Accessor methods (`Primitive()`, `Record()`, `Enum()`, `Array()`, `Map()`, `Union()`, `Fixed()`) provide type-safe access to the underlying concrete type.

### Converting from IDL

`SchemaFrom` converts a parsed `idl.Schema` into canonical form:

```go
f, err := idl.Parse(strings.NewReader(`
namespace com.example;
schema int;
record Person {
string name;
int age;
}
`))

schemas, err := canonical.SchemaFrom(f.Schema)

b, err := json.Marshal(schemas[1])
// {"name":"com.example.Person","type":"record","fields":[{"name":"name","type":"string"},{"name":"age","type":"int"}]}
```

The function returns a slice because an IDL schema can define multiple named types.
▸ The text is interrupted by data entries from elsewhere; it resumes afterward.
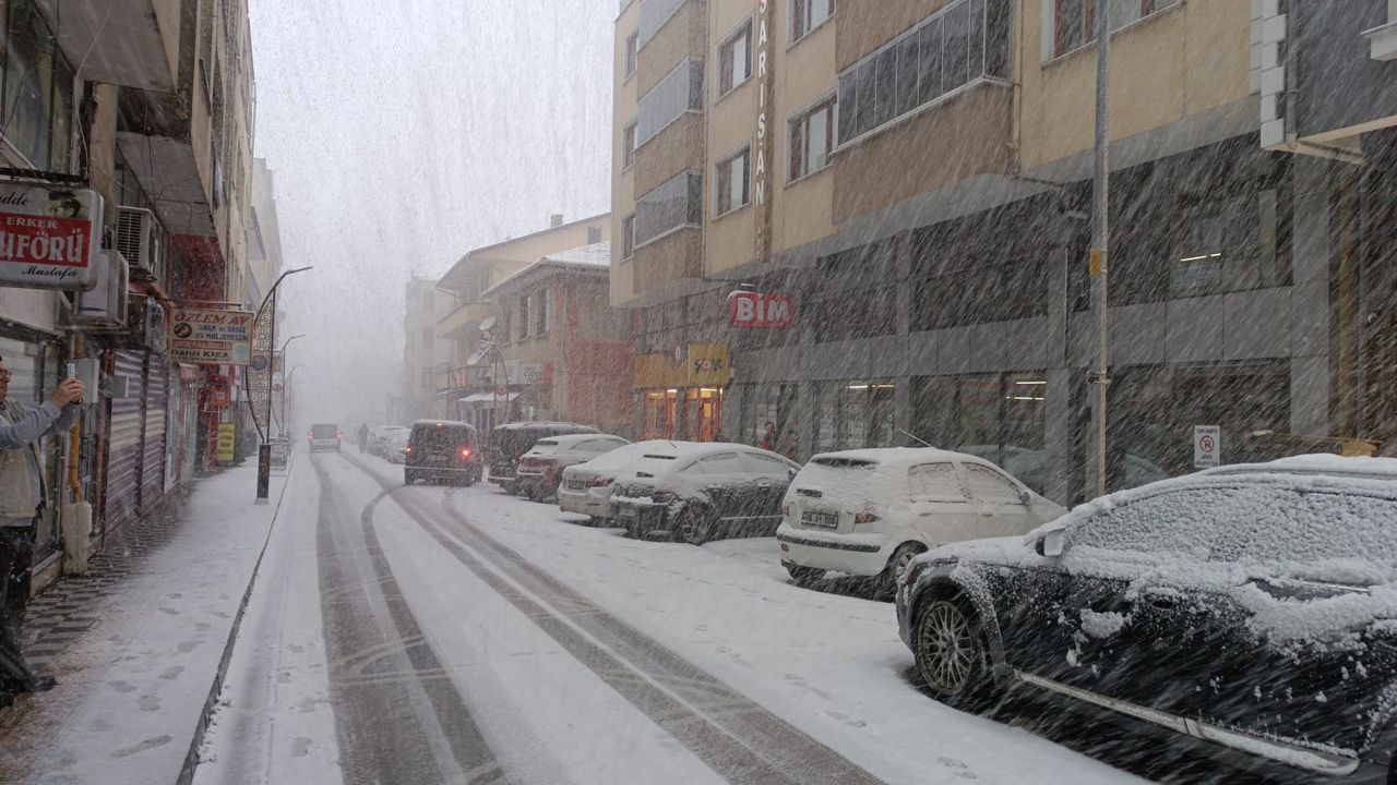 Beyaza bürünen ilçede kar yağışı aralıklarla devam ediyor.
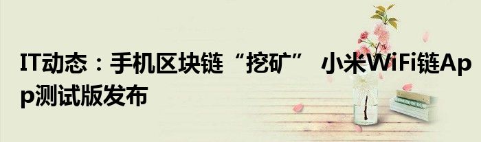 IT之家4月19日消息今天小米悄然發布了小米WiFi鏈Android(Beta)測試版App,手機又可以進行一項“挖礦”業務了。
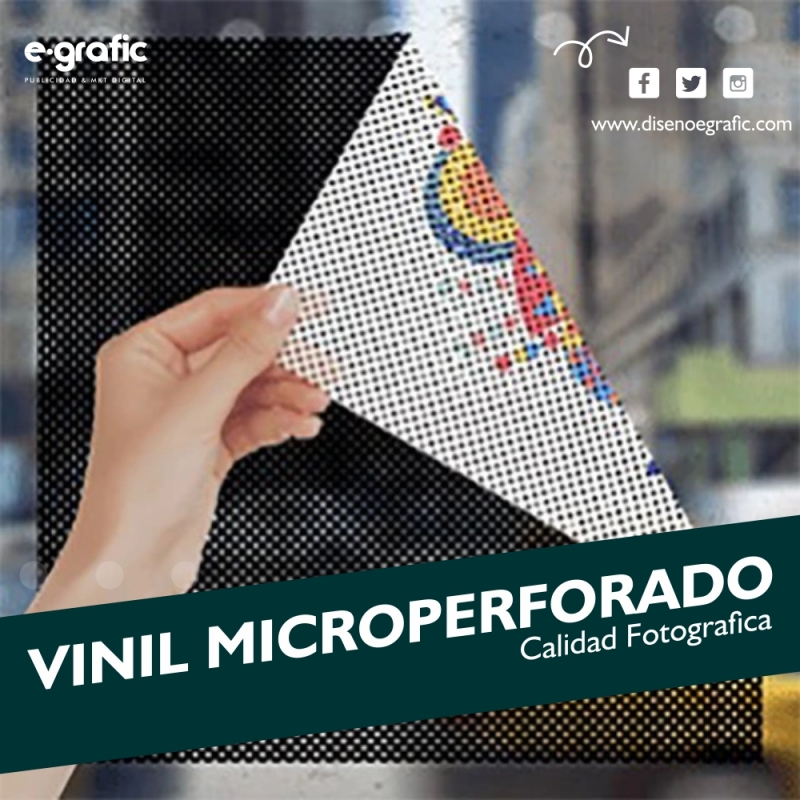 El microperforado es una gran opcion para ventanas sinsacrificar la visibilidad exterior, con una calidad de impresion para que pueda ser visible a cercana y lejana distancia
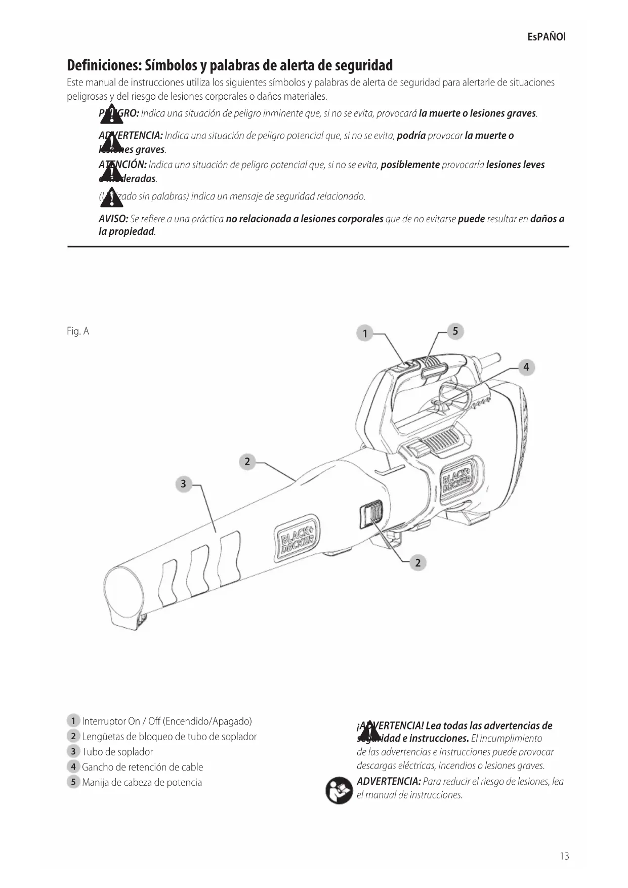 - Sólo use el soplador durante el día o con buena iluminación artificial. Encendido/Apagado (Fig. E)
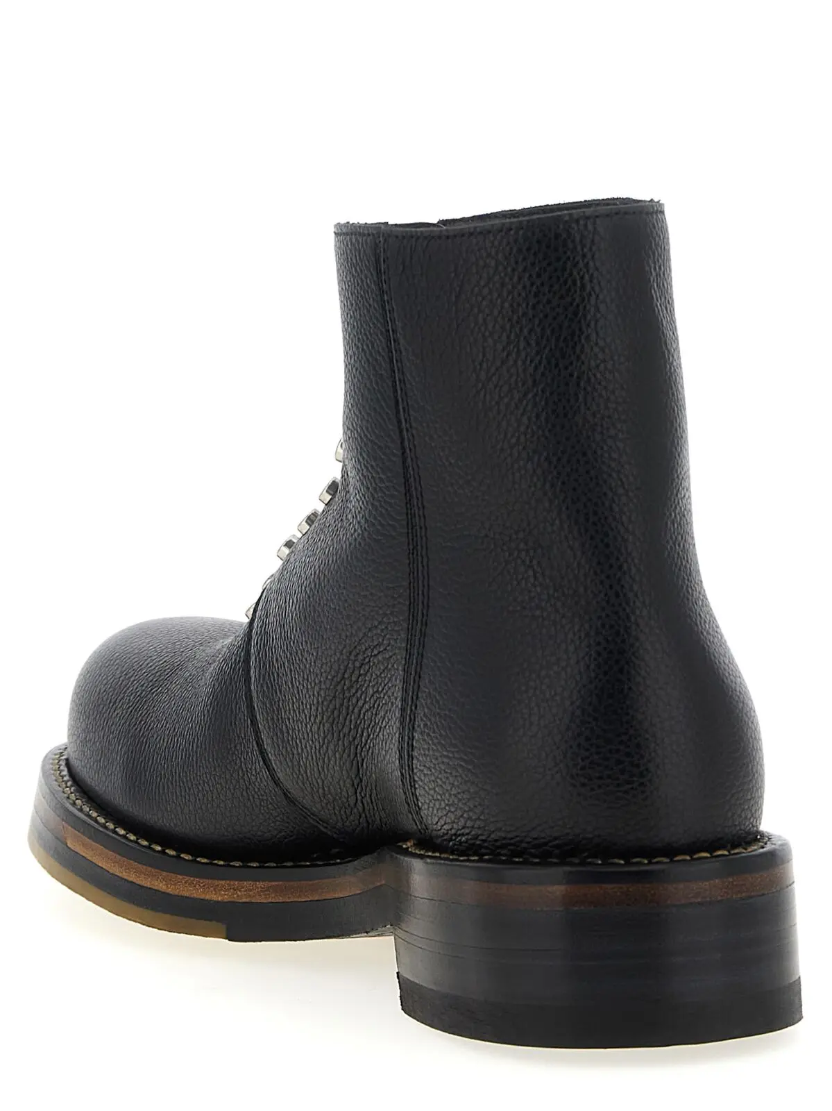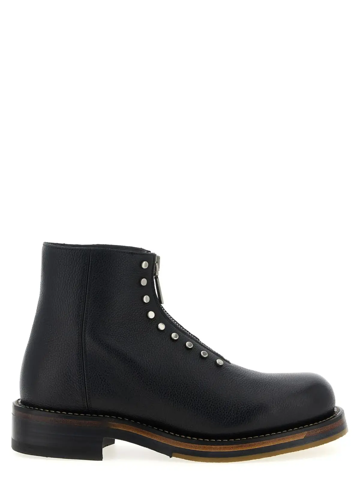 Чорні чоловічі черевики з повнорозмірної телячої шкіри вирізняються витонченим дизайном із круглим носком та фронтальною застібкою на блискавку з металевими деталями. Ручна робота, багатошарова підошва зі шкіри та гуми з подвійним швом забезпечують неперевершену якість, комфорт і стиль, що підкреслюють статус і елегантність кожного образу.
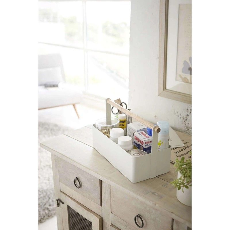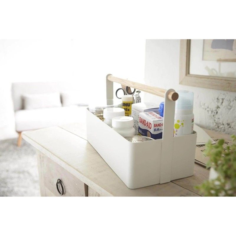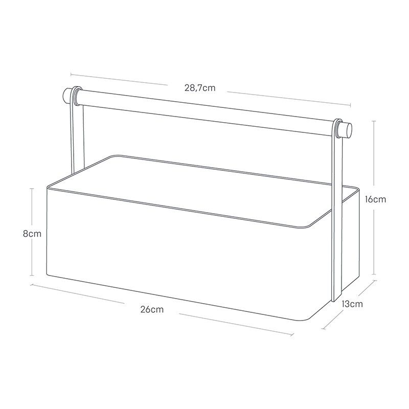 Kosz ze stali i drewna L w kolorze białym i naturalnym, 29 x 13 x 16 cm | Toska
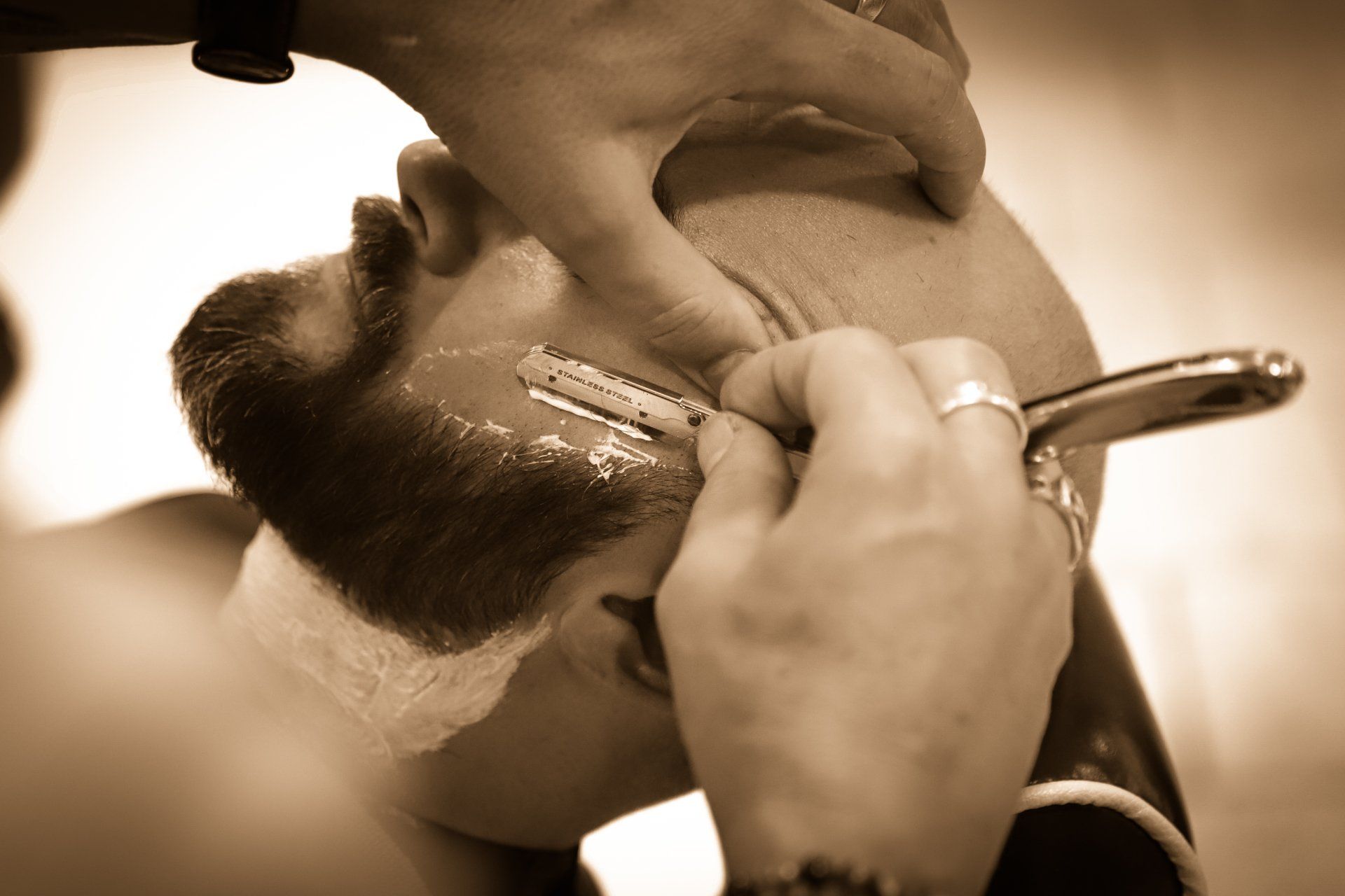 Savonnage au blaireau, massage, serviette chaude et soins, pour un moment de détente et d'entretien de votre barbe, de votre moustache ou de votre bouc.
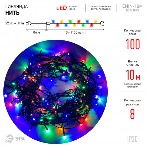 - ЭРА Гирлянда LED Нить 10 м ENIN-10M мультиколор 8 режимов, 220V, IP20 (60/720) (Б0041893)
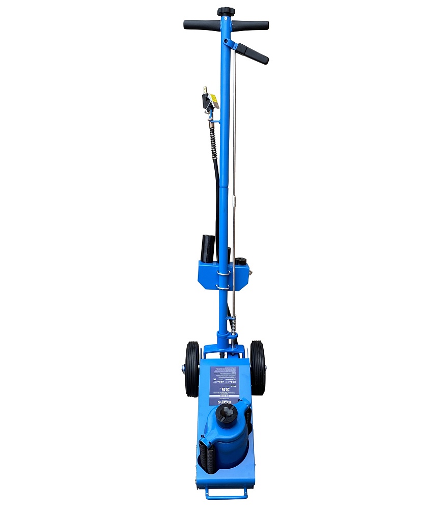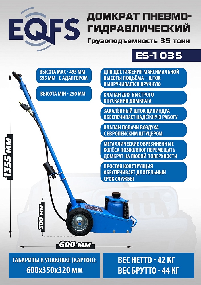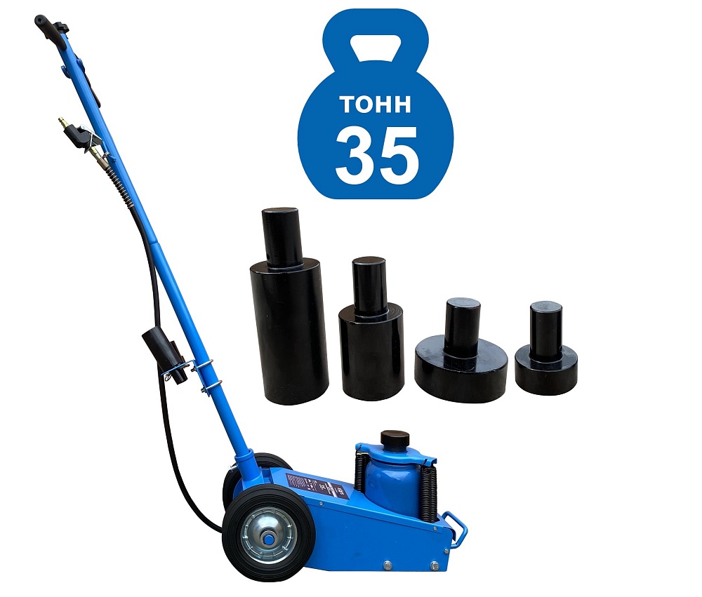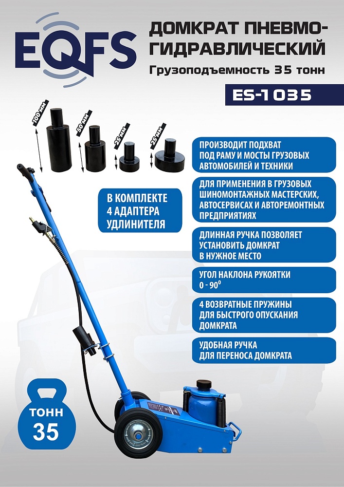 Пневмогидравлический домкрат Г/П - 35 тонн.Прочная и надежная конструкция. Мобильный. Закаленный шток цилиндра обеспечивает надежность работы. 4 возвратные пружины для быстрого опускания домкрата. Разъем для подключения пневмосети. Клапан для быстрого опускания домкрата. Фиксатор угла наклона рукоятки. Угол наклона рукоятки 0-90грд. Удобная ручка для переноски домкрата. В комплекте 4 удлиняющих адаптера: 25 мм, 25 мм, 50 мм, 100 мм. Высота подхвата: 250-495 мм с адаптером 595 мм.<br /><br />Технические особенности ES-1035 пневмогидравлический подкатной домкрат:<ul><li>Прочная и надежная конструкция</li><li>Мобильный - легко перемещается благодаря металлическим обрезиненным колесам по любой поверхности</li><li>Хромированный и закаленный шток цилиндра обеспечивает надежность работы<br /></li><li>4 возвратные пружины для быстрого опускания домкрата</li><li>Разъем для подключения пневмосети с европейским штуцером</li><li>Клапан для быстрого опускания домкрата</li><li>Угол наклона рукоятки 0-90 грд</li><li>Фиксатор угла наклона рукоятки</li><li>Удобная ручка для переноски домкрата</li><li>В комплекте 4 удлиняющих адаптера: 25 мм, 25 мм, 50 мм, 100 мм</li><li>Современный уровень безопасности</li><li>Длительный срок службы<br /></li><li>Выгодная цена</li><li>Емкость бака для заправки 1,5 л. гидравлическое масло</li></ul>

Namespace qualification, type references, and all structural schema information are preserved; non-canonical attributes (doc comments, aliases, defaults) are stripped.

---

## `idl` — Avro IDL

The `idl` package parses [Avro IDL](https://avro.apache.org/docs/current/idl-language/) source files into an AST and can print an AST back to IDL text.

### Parsing

`Parse` reads an Avro IDL source from any `io.Reader` and returns a `*File` AST:

```go
f, err := idl.Parse(strings.NewReader(`
namespace com.example;
schema record User {
string name;
int age;
}
`))
```

The `File` struct contains either a `*Schema` or a `*Protocol`. A `*Schema` holds the top-level named types (`Record`, `Enum`, `Fixed`) and primitive type identifiers.

### Printing

`Print` formats a `*File` AST back to Avro IDL text:

```go
var buf bytes.Buffer
err := idl.Print(&buf, f)
fmt.Println(buf.String())
```

### Tokenizing

`Tokenize` exposes the low-level lexer as an `iter.Seq2[Token, error]` iterator (Go 1.23+):

```go
for tok, err := range idl.Tokenize(r) {
if err != nil {
// handle error
}
fmt.Println(tok)
}
```

Token types include `TokenComment`, `TokenDocComment`, `TokenIdentifier`, `TokenSymbol`, `TokenString`, `TokenNumber`, and `TokenAnnotation`.

---

## License

Released under the [MIT License](LICENSE).